* [Work task]: Only lines containing the string "para" belong in the answer; find them in the records and copy them.

(Records contained in a dataset)
◇ ◇ ◇
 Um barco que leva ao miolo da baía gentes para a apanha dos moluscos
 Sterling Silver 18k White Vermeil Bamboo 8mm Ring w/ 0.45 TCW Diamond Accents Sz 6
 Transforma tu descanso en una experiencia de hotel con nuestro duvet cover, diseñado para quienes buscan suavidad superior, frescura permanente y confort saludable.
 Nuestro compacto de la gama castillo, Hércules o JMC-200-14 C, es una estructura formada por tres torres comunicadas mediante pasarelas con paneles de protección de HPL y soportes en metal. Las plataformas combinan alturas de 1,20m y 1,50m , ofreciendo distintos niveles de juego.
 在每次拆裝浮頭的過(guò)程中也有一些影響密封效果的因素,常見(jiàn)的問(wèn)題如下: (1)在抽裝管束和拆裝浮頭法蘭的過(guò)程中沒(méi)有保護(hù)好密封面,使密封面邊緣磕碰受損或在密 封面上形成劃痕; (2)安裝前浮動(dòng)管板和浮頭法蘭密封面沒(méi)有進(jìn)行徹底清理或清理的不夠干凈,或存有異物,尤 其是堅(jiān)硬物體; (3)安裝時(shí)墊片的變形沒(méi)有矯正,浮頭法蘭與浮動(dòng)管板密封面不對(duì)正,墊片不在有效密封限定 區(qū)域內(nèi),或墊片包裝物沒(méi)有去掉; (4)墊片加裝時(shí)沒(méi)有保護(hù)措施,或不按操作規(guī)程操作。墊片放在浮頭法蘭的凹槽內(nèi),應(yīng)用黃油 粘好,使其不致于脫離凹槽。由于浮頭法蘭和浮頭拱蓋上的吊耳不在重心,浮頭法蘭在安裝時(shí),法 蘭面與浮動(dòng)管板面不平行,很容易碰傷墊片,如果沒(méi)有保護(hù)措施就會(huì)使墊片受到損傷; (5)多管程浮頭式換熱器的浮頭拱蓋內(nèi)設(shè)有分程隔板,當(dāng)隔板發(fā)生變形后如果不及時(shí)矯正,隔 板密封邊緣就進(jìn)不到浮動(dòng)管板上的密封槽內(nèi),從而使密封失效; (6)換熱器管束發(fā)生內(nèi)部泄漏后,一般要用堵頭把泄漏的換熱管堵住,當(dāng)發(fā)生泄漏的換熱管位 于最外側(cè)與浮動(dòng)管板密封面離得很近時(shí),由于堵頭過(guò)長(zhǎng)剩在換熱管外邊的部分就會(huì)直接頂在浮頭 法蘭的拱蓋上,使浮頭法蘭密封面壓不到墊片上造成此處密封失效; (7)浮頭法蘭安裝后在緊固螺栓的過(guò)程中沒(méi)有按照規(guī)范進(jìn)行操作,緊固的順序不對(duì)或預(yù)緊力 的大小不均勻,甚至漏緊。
◇ ◇ ◇
* [Task solution]:
 Um barco que leva ao miolo da baía gentes para a apanha dos moluscos
 Transforma tu descanso en una experiencia de hotel con nuestro duvet cover, diseñado para quienes buscan suavidad superior, frescura permanente y confort saludable.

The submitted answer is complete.